ACTIVITY: This exercise calls for the whole listing to be given again exactly, without images.
*** Opening THE INPUT ***
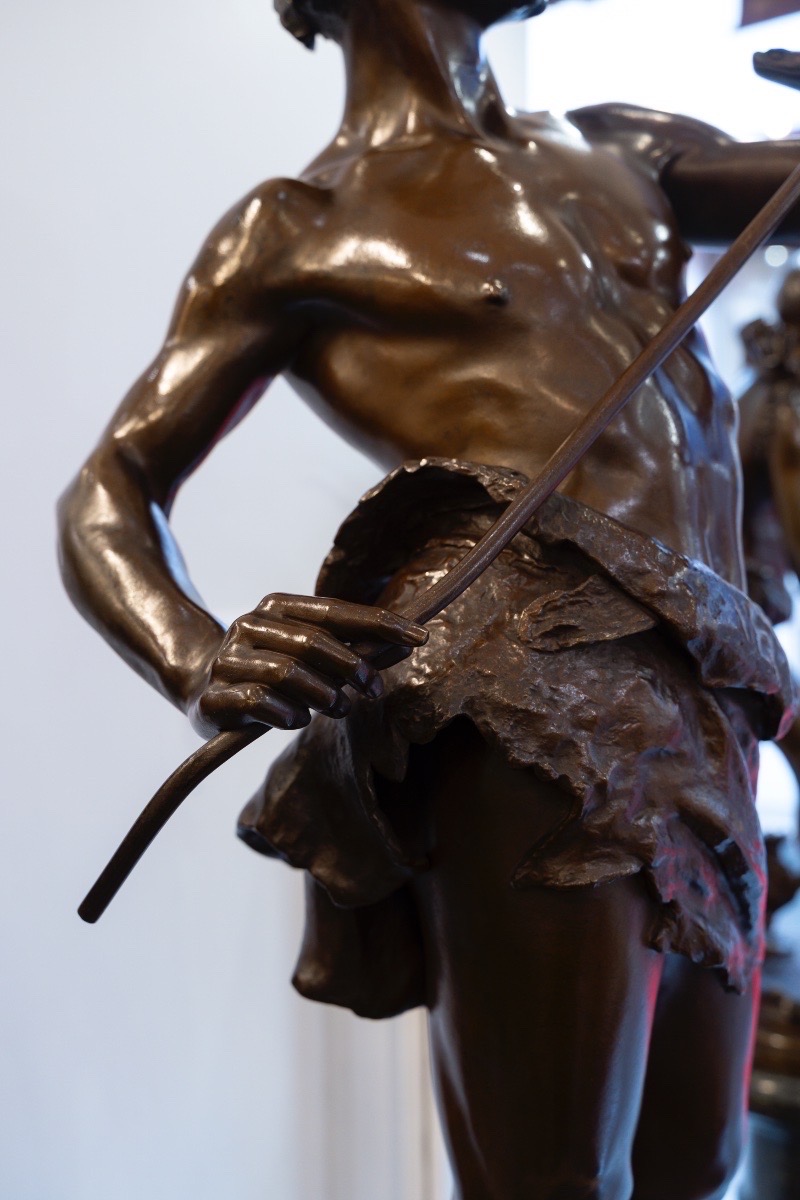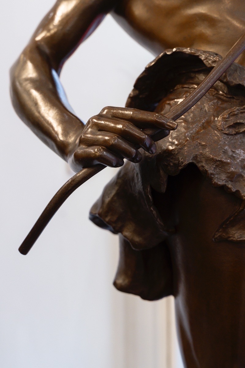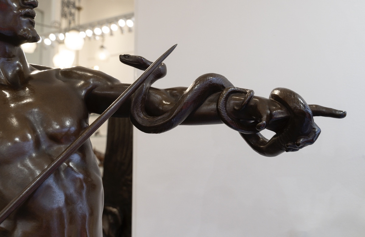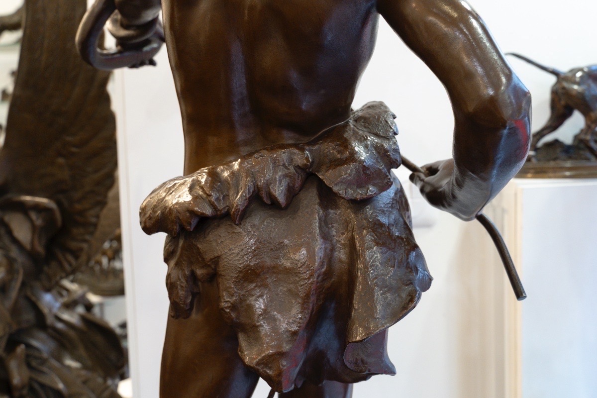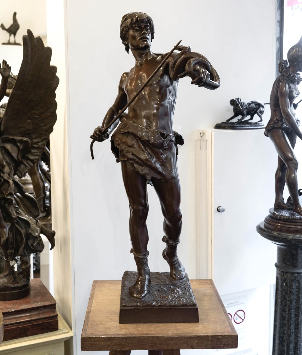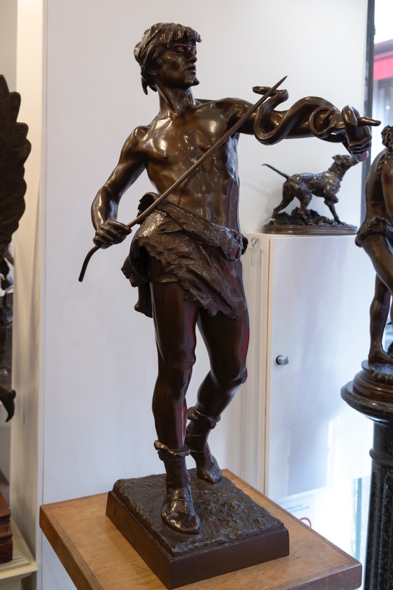 Œuvre emblématique du sculpteur Eugène Marioton (1857-1933) , « Le Charmeur De Serpent » aussi appelé « Fascinator » , allie un sens aigu du mouvement à une maîtrise technique indéniable .
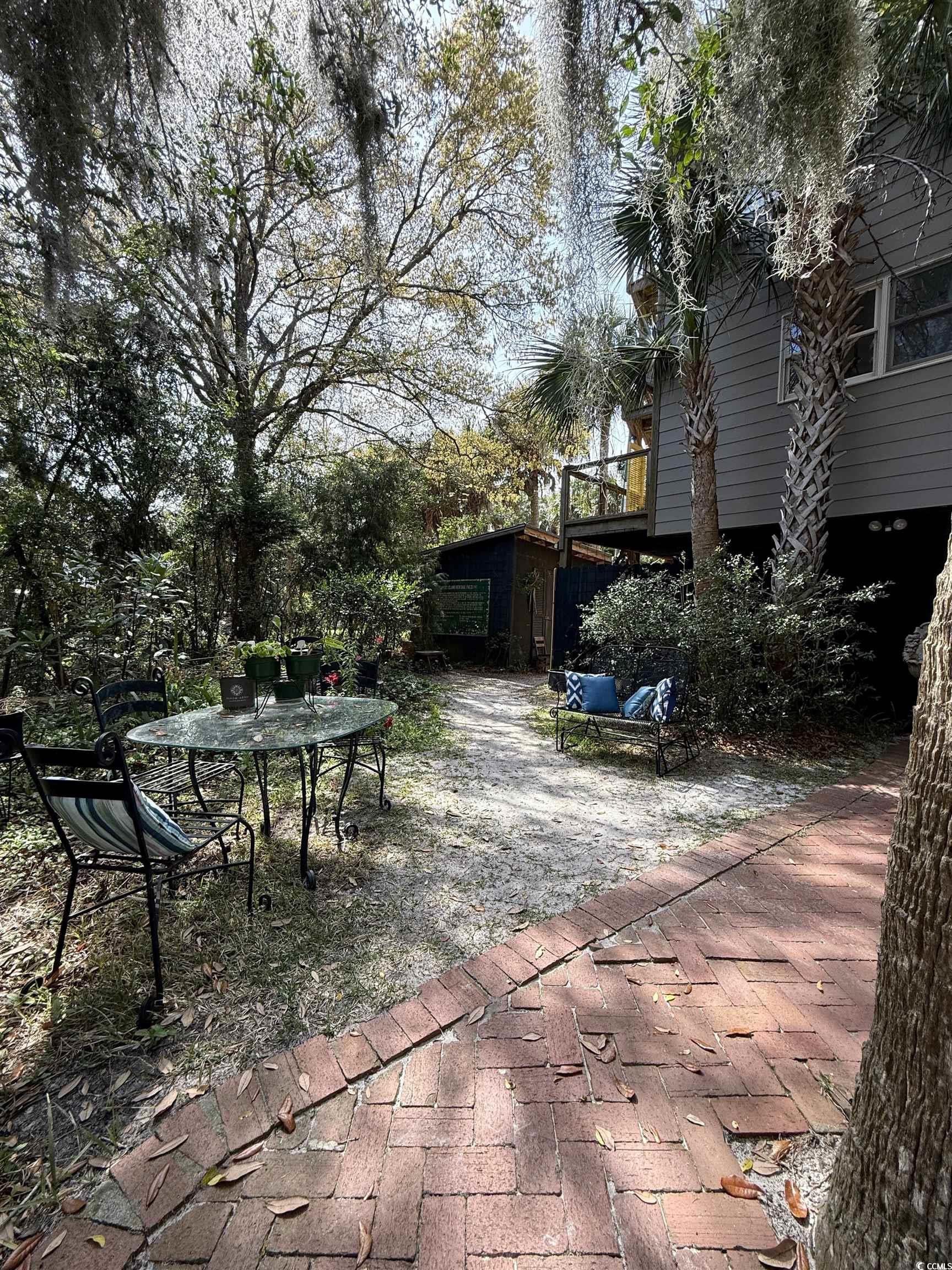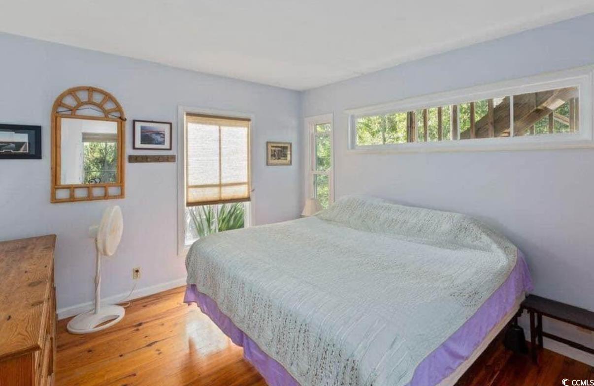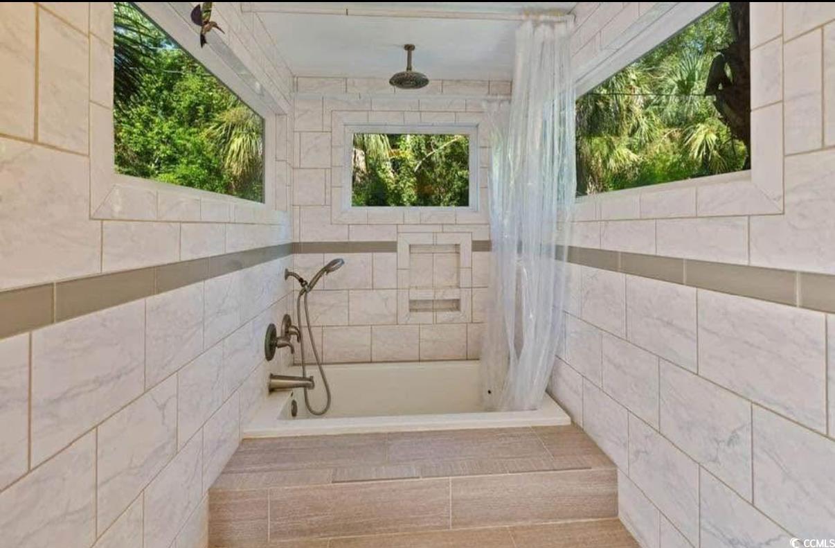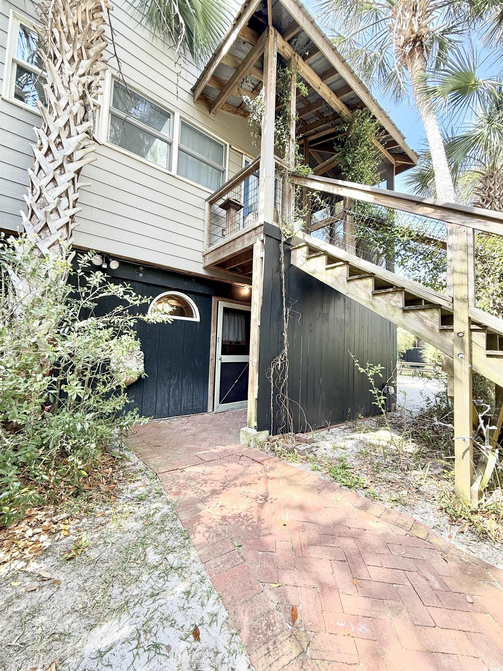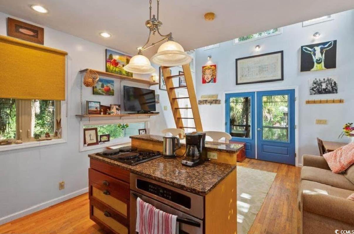 As the boat eases up to the dock at 4113 Buccaneer Road on Goat Island, you feel the busy life melt away and your peace and tranquility begin to settle. Beautiful landscape awaits you as you travel down the dock to find the house perfectly nestled amongst the palms and oaks, giving you the serene beauty of coastal living. The host of many charity events, large family gatherings, even weddings can be enjoyed at this island oasis. In the main dwelling, the large windows and outdoor living spaces give the feeling of treehouse living. The main loft bedroom overlooks the living/kitchen area. Imagine a serene, spacious bathroom nestled in nature, where large windows let in abundant natural light and offer views of the surrounding landscape. Downstairs, away from the main living area, there is an additional guest bedroom.
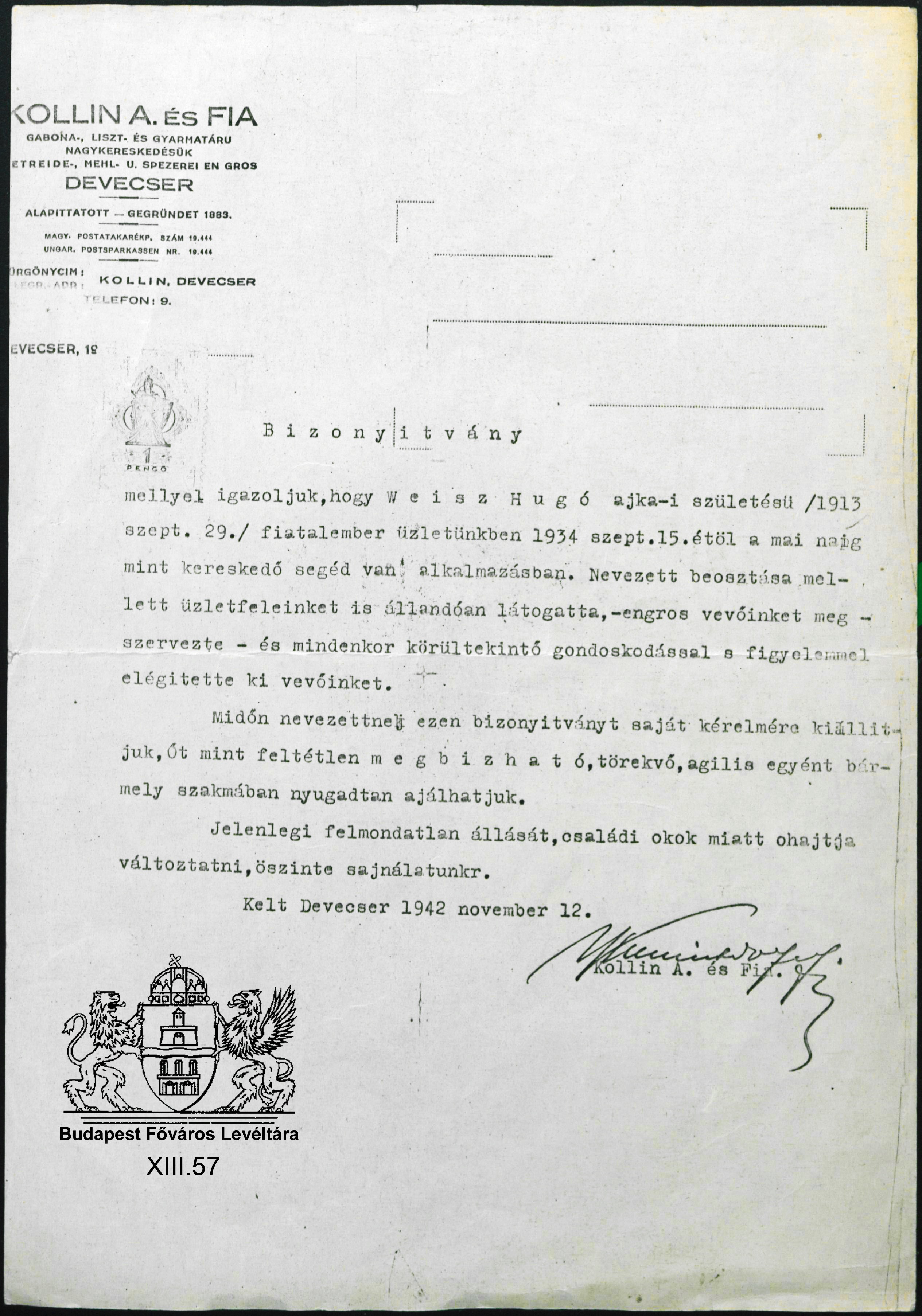 Weisz Hugónak, Bronner Artúr vejének alkalmaztatási igazolása
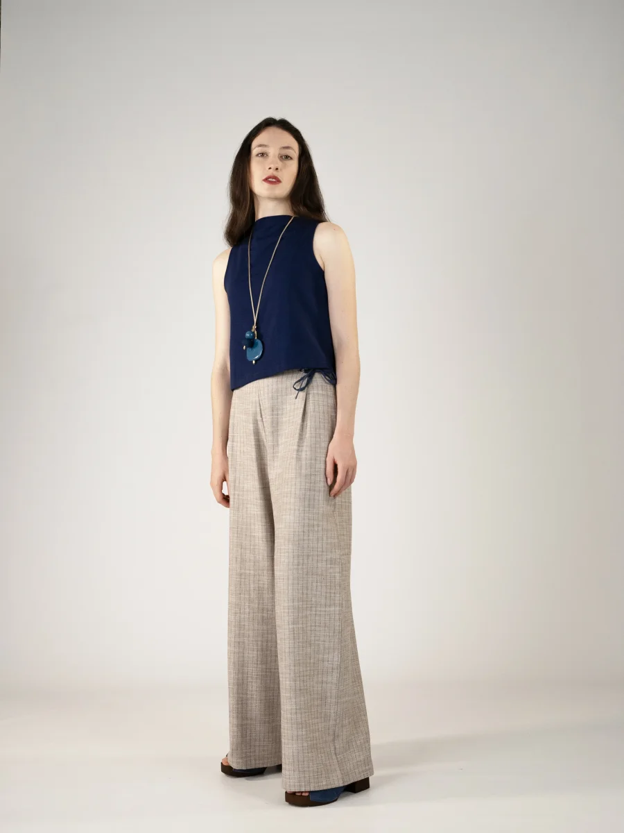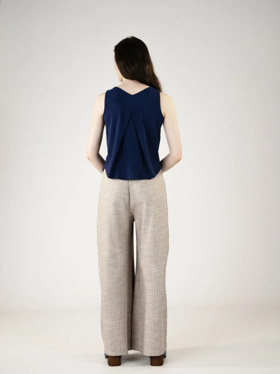 Gilet in felpa leggera, svasato, con scollo a barchetta davanti e scollo a V e due profonde pieghe dietro.
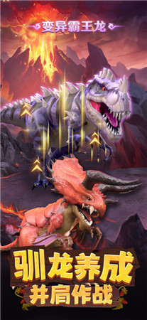 2、这里有数十种来自史前时代的蛮荒恶兽,你可以通过各种不同的方式收集并驯化它们,让这些恶兽加入你的防御军团,进而组建出一支强大的恐龙军团,一起守护自己的家园!
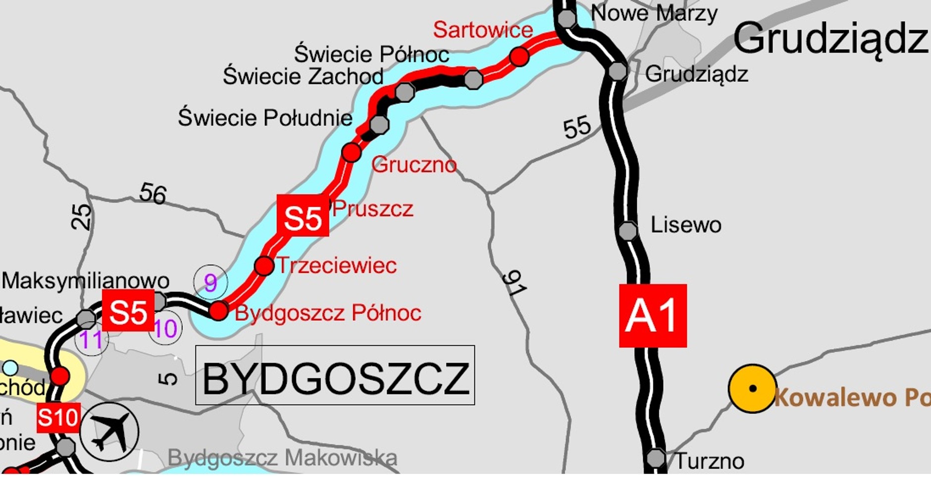 - S5 Świecie Południe – Bydgoszcz Północ (22,4 km)
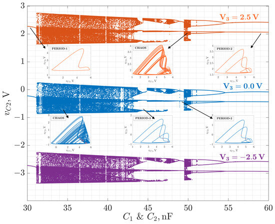 Figure 4 presents a set of bifurcation diagrams of the modified Colpitts oscillator obtained by varying the capacitors and values in the range of 30 nF to 60 nF. The results are shown for three different bias voltage values: V.
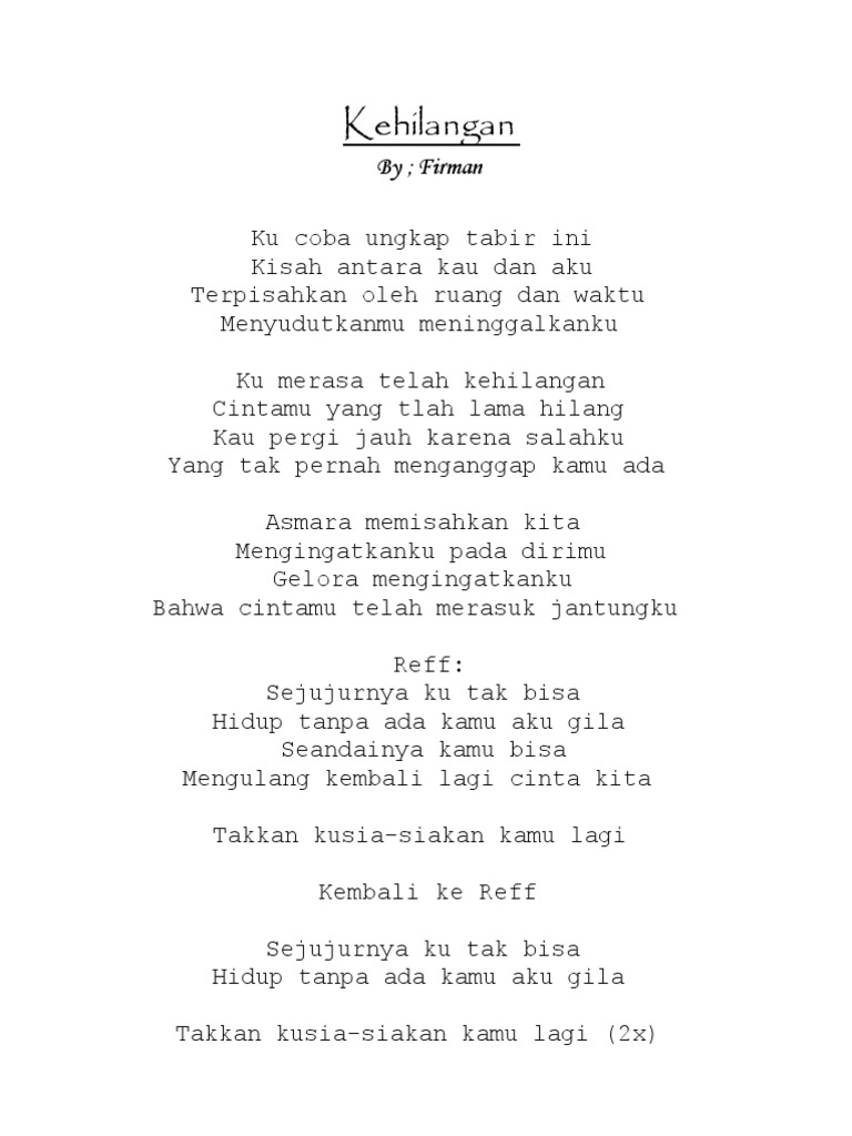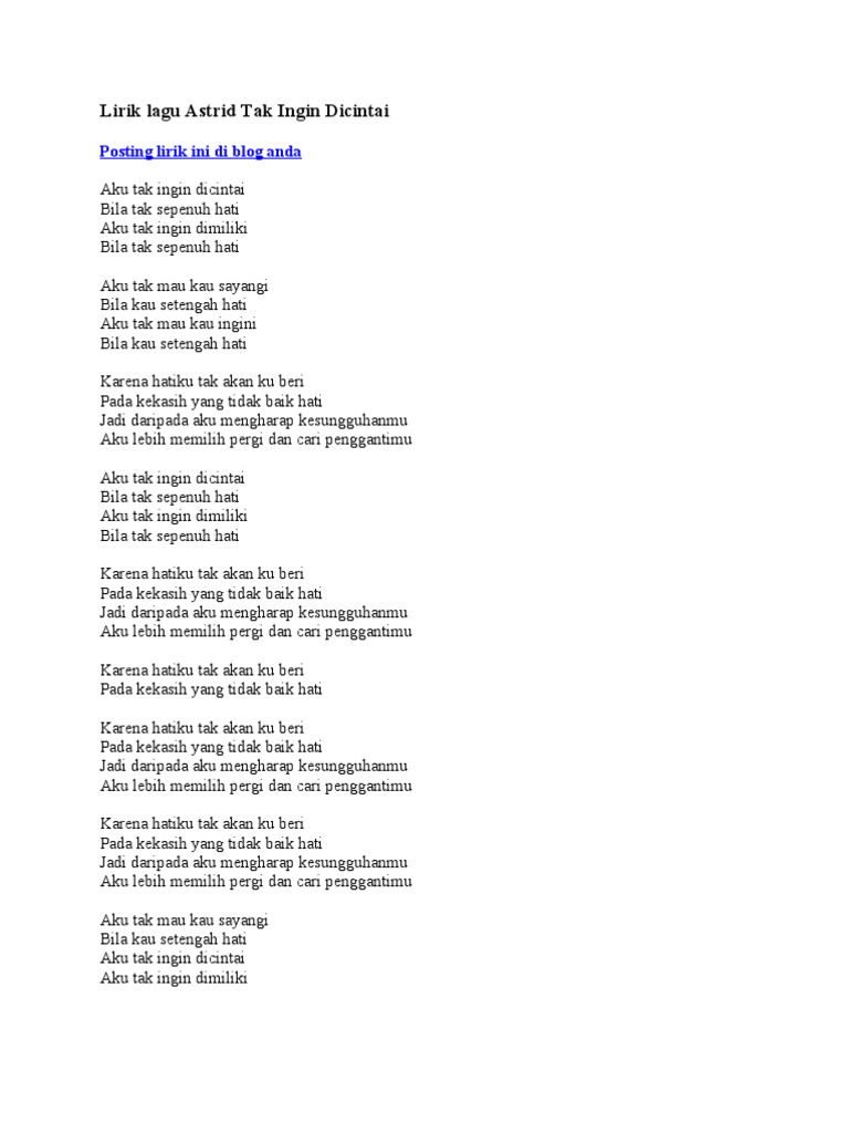 Lirik lagu aku tak ingin engkau pergi aku tak ingin engkau jauh. Maaf ku tak sadari c m hingga membuat kau ingin pergi int a c m a saat ku tak bicara c m berjuta kata yang ku ungkapkan a walau kau tak merasa c m cinta yang ada begitu nyata f m e ku ingin engkau tahu berartinya dirimu f m e ku tak inginkan kau ragu aku kan bertahan dalam hidupmu chorus a. Engkaukah aku tak ingin menjemputmu biarlah kau hanya berdiri di depan pintu kau hancurkan hatiku kau musnahkan harapanku pulanglah ke tempat asalmu tempat asalmu oh. Engkau jauh di mata. Berikut cuplikan syair nyanyian teks lagunya aku tak ingin engkau ada di samping yang lain bila waktu izinkanku dekap bayangku bersamamu bila kau dekat peluk tubuhku janjilah padaku tetap setia aku tak.
*** Closing THE INPUT ***
WRITTEN REPLY:
 Œuvre emblématique du sculpteur Eugène Marioton (1857-1933) , « Le Charmeur De Serpent » aussi appelé « Fascinator » , allie un sens aigu du mouvement à une maîtrise technique indéniable .
 As the boat eases up to the dock at 4113 Buccaneer Road on Goat Island, you feel the busy life melt away and your peace and tranquility begin to settle. Beautiful landscape awaits you as you travel down the dock to find the house perfectly nestled amongst the palms and oaks, giving you the serene beauty of coastal living. The host of many charity events, large family gatherings, even weddings can be enjoyed at this island oasis. In the main dwelling, the large windows and outdoor living spaces give the feeling of treehouse living. The main loft bedroom overlooks the living/kitchen area. Imagine a serene, spacious bathroom nestled in nature, where large windows let in abundant natural light and offer views of the surrounding landscape. Downstairs, away from the main living area, there is an additional guest bedroom.
 Weisz Hugónak, Bronner Artúr vejének alkalmaztatási igazolása
 Gilet in felpa leggera, svasato, con scollo a barchetta davanti e scollo a V e due profonde pieghe dietro.
 2、这里有数十种来自史前时代的蛮荒恶兽,你可以通过各种不同的方式收集并驯化它们,让这些恶兽加入你的防御军团,进而组建出一支强大的恐龙军团,一起守护自己的家园!
 - S5 Świecie Południe – Bydgoszcz Północ (22,4 km)
 Figure 4 presents a set of bifurcation diagrams of the modified Colpitts oscillator obtained by varying the capacitors and values in the range of 30 nF to 60 nF. The results are shown for three different bias voltage values: V.
 Lirik lagu aku tak ingin engkau pergi aku tak ingin engkau jauh. Maaf ku tak sadari c m hingga membuat kau ingin pergi int a c m a saat ku tak bicara c m berjuta kata yang ku ungkapkan a walau kau tak merasa c m cinta yang ada begitu nyata f m e ku ingin engkau tahu berartinya dirimu f m e ku tak inginkan kau ragu aku kan bertahan dalam hidupmu chorus a. Engkaukah aku tak ingin menjemputmu biarlah kau hanya berdiri di depan pintu kau hancurkan hatiku kau musnahkan harapanku pulanglah ke tempat asalmu tempat asalmu oh. Engkau jauh di mata. Berikut cuplikan syair nyanyian teks lagunya aku tak ingin engkau ada di samping yang lain bila waktu izinkanku dekap bayangku bersamamu bila kau dekat peluk tubuhku janjilah padaku tetap setia aku tak.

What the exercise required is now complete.